■ TASK DETAILS
Return, word for word, the lines of the listing below from the one with "Voeg de paprika, de" through the one with "Pre ulaska na", and no other lines.

■ DATA
----

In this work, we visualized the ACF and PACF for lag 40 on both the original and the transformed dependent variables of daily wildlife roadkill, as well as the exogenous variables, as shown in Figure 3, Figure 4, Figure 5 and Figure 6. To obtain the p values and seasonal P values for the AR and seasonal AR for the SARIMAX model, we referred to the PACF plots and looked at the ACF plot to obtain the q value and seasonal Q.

----

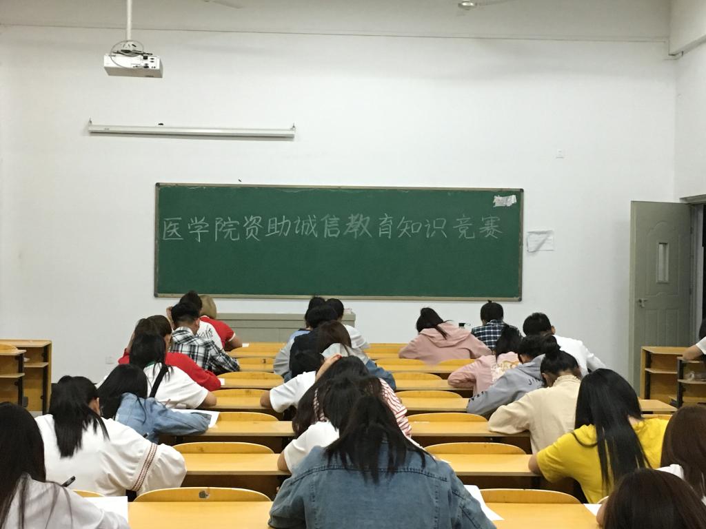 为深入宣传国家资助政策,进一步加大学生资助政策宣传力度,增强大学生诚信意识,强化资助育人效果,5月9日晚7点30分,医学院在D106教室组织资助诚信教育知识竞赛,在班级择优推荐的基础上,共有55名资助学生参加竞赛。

----

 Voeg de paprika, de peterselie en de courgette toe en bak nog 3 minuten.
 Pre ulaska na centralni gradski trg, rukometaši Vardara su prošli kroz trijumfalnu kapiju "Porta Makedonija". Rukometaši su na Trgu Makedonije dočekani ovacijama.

----

■ YOUR SOLUTION
 Voeg de paprika, de peterselie en de courgette toe en bak nog 3 minuten.
 Pre ulaska na centralni gradski trg, rukometaši Vardara su prošli kroz trijumfalnu kapiju "Porta Makedonija". Rukometaši su na Trgu Makedonije dočekani ovacijama.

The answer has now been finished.